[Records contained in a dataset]
────────────────────────────────────────

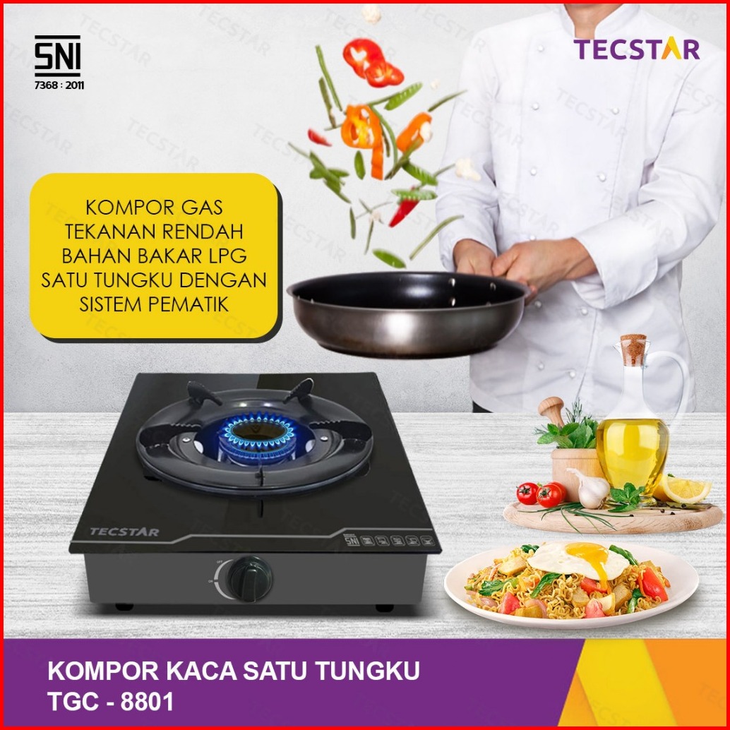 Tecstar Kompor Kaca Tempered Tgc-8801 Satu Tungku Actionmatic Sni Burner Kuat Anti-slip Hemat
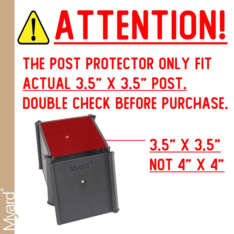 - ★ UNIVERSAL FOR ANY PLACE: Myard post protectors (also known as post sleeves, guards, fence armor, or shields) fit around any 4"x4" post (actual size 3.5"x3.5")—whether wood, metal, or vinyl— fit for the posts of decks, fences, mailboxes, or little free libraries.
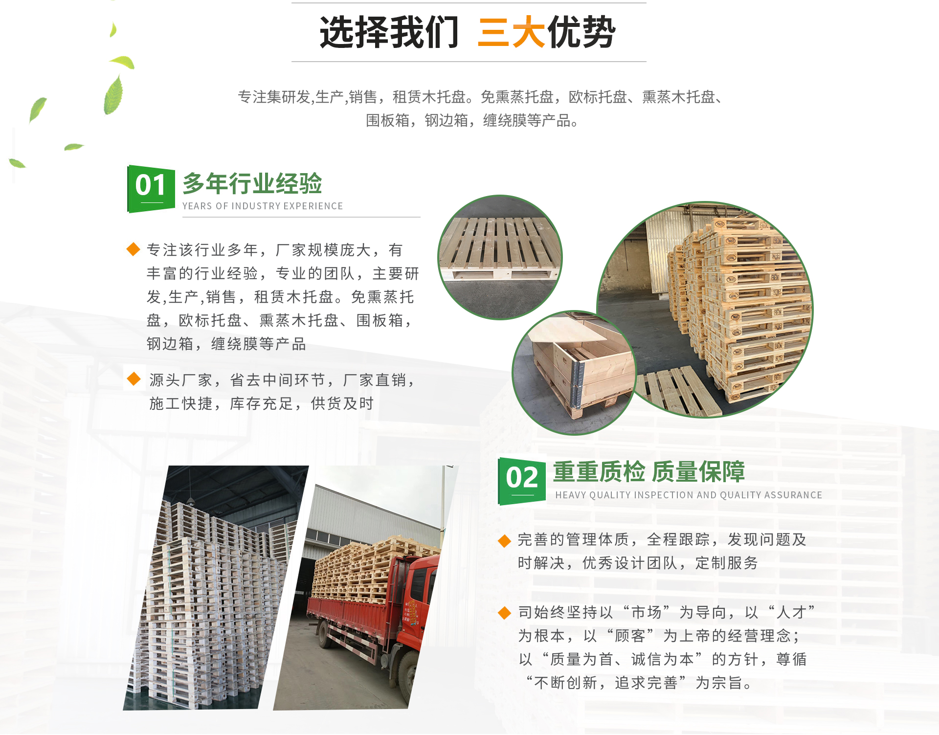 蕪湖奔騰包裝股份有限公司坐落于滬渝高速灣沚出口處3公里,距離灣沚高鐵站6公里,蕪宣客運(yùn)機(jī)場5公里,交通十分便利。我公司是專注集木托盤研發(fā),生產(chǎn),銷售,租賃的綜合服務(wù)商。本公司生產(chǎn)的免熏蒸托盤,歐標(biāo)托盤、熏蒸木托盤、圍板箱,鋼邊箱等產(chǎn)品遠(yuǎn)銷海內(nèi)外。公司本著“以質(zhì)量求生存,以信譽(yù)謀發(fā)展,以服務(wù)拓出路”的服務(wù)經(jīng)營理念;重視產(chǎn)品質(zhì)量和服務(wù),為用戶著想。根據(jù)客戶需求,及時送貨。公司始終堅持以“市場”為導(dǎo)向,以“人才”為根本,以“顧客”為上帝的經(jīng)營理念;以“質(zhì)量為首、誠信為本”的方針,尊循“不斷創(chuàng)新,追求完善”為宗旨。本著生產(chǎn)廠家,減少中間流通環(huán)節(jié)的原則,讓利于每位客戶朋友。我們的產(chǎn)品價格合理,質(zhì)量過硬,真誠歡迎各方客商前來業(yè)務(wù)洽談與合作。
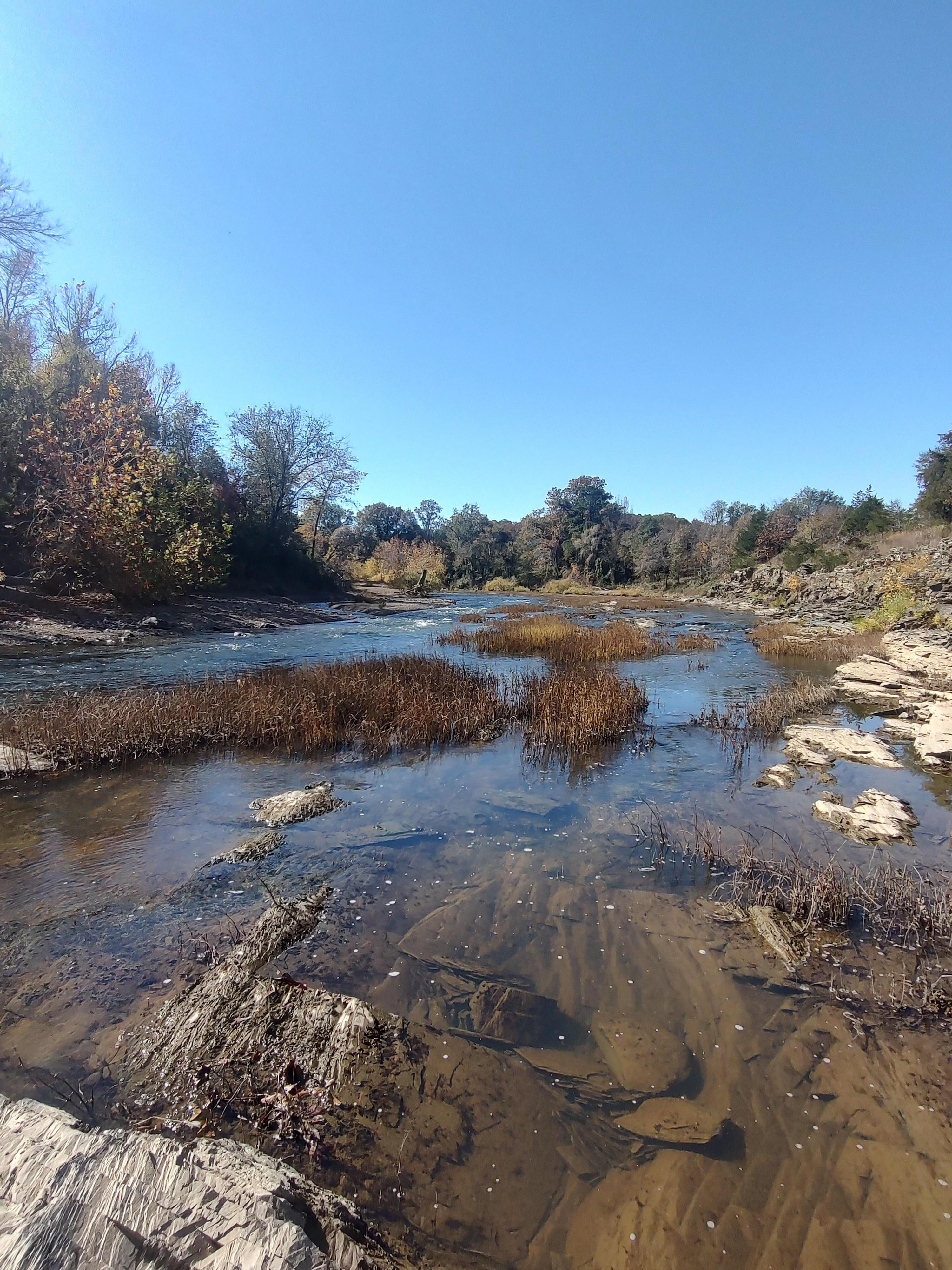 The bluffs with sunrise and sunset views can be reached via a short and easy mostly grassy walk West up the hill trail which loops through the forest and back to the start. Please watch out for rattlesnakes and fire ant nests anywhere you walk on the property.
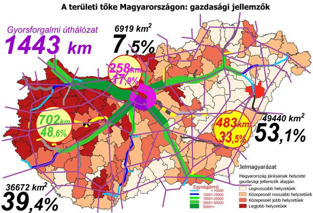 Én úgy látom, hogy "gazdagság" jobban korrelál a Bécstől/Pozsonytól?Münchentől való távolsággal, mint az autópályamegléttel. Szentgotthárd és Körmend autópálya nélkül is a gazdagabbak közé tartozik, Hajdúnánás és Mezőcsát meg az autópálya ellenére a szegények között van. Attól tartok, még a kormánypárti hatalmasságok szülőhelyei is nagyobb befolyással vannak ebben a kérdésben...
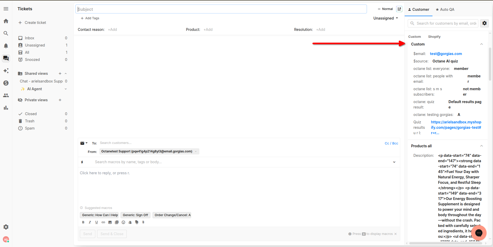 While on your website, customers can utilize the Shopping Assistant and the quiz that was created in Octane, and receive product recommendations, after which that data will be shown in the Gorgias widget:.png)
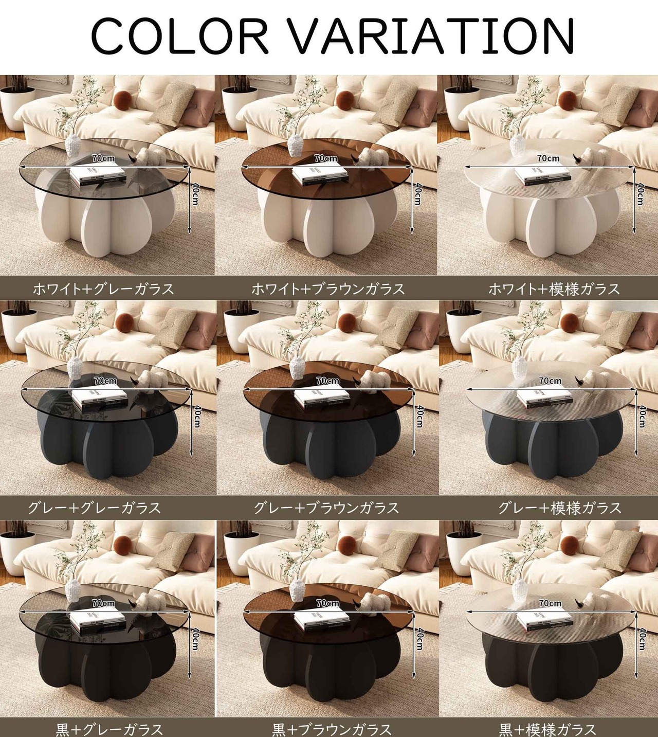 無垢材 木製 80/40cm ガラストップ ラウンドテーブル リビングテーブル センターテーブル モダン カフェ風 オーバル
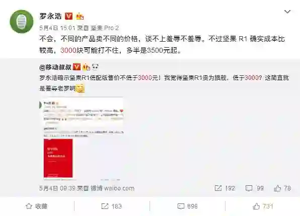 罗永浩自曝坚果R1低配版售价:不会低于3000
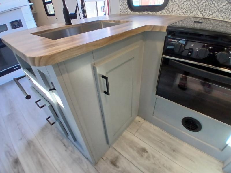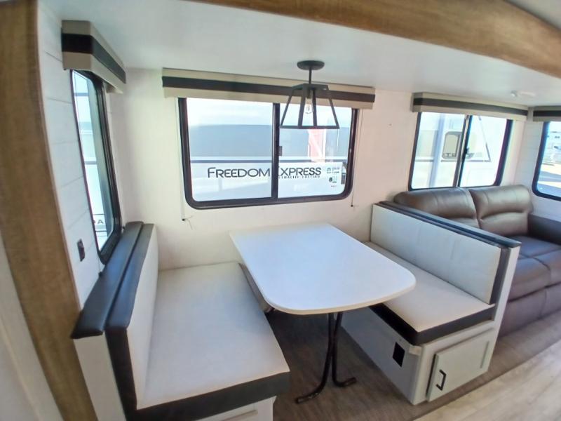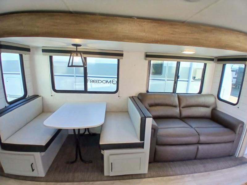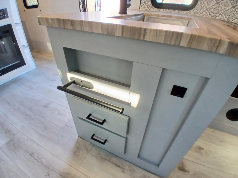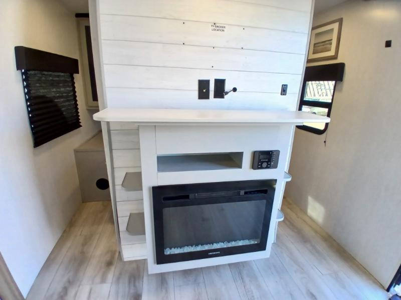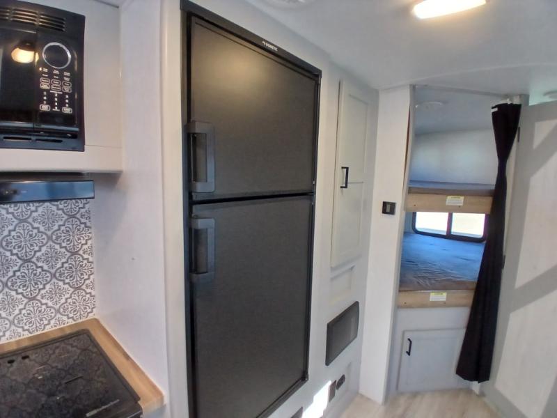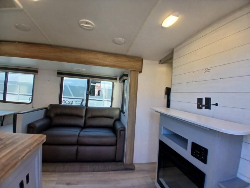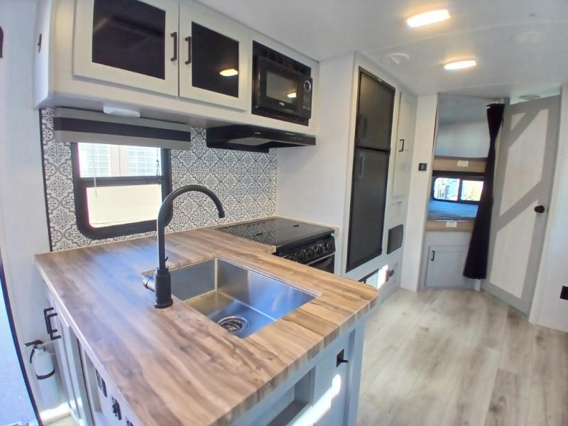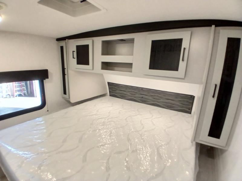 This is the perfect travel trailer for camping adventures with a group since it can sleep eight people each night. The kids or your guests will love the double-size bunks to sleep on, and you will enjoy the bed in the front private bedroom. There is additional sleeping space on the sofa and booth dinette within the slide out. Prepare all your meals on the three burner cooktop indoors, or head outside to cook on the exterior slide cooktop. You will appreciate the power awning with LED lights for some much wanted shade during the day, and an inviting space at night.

────────────────────────────────────────

WHAT YOU SHOULD DO
Please give again the entries word for word, starting at the first line and ending with the line that contains "罗永浩自曝坚果R1低配版售价:不会低于3000"; include both of those lines but none of the pictures.

COMPLETED TASK
 Tecstar Kompor Kaca Tempered Tgc-8801 Satu Tungku Actionmatic Sni Burner Kuat Anti-slip Hemat
 - ★ UNIVERSAL FOR ANY PLACE: Myard post protectors (also known as post sleeves, guards, fence armor, or shields) fit around any 4"x4" post (actual size 3.5"x3.5")—whether wood, metal, or vinyl— fit for the posts of decks, fences, mailboxes, or little free libraries.
 蕪湖奔騰包裝股份有限公司坐落于滬渝高速灣沚出口處3公里,距離灣沚高鐵站6公里,蕪宣客運(yùn)機(jī)場5公里,交通十分便利。我公司是專注集木托盤研發(fā),生產(chǎn),銷售,租賃的綜合服務(wù)商。本公司生產(chǎn)的免熏蒸托盤,歐標(biāo)托盤、熏蒸木托盤、圍板箱,鋼邊箱等產(chǎn)品遠(yuǎn)銷海內(nèi)外。公司本著“以質(zhì)量求生存,以信譽(yù)謀發(fā)展,以服務(wù)拓出路”的服務(wù)經(jīng)營理念;重視產(chǎn)品質(zhì)量和服務(wù),為用戶著想。根據(jù)客戶需求,及時送貨。公司始終堅持以“市場”為導(dǎo)向,以“人才”為根本,以“顧客”為上帝的經(jīng)營理念;以“質(zhì)量為首、誠信為本”的方針,尊循“不斷創(chuàng)新,追求完善”為宗旨。本著生產(chǎn)廠家,減少中間流通環(huán)節(jié)的原則,讓利于每位客戶朋友。我們的產(chǎn)品價格合理,質(zhì)量過硬,真誠歡迎各方客商前來業(yè)務(wù)洽談與合作。
 The bluffs with sunrise and sunset views can be reached via a short and easy mostly grassy walk West up the hill trail which loops through the forest and back to the start. Please watch out for rattlesnakes and fire ant nests anywhere you walk on the property.
 Én úgy látom, hogy "gazdagság" jobban korrelál a Bécstől/Pozsonytól?Münchentől való távolsággal, mint az autópályamegléttel. Szentgotthárd és Körmend autópálya nélkül is a gazdagabbak közé tartozik, Hajdúnánás és Mezőcsát meg az autópálya ellenére a szegények között van. Attól tartok, még a kormánypárti hatalmasságok szülőhelyei is nagyobb befolyással vannak ebben a kérdésben...
 While on your website, customers can utilize the Shopping Assistant and the quiz that was created in Octane, and receive product recommendations, after which that data will be shown in the Gorgias widget:.png)
 無垢材 木製 80/40cm ガラストップ ラウンドテーブル リビングテーブル センターテーブル モダン カフェ風 オーバル
 罗永浩自曝坚果R1低配版售价:不会低于3000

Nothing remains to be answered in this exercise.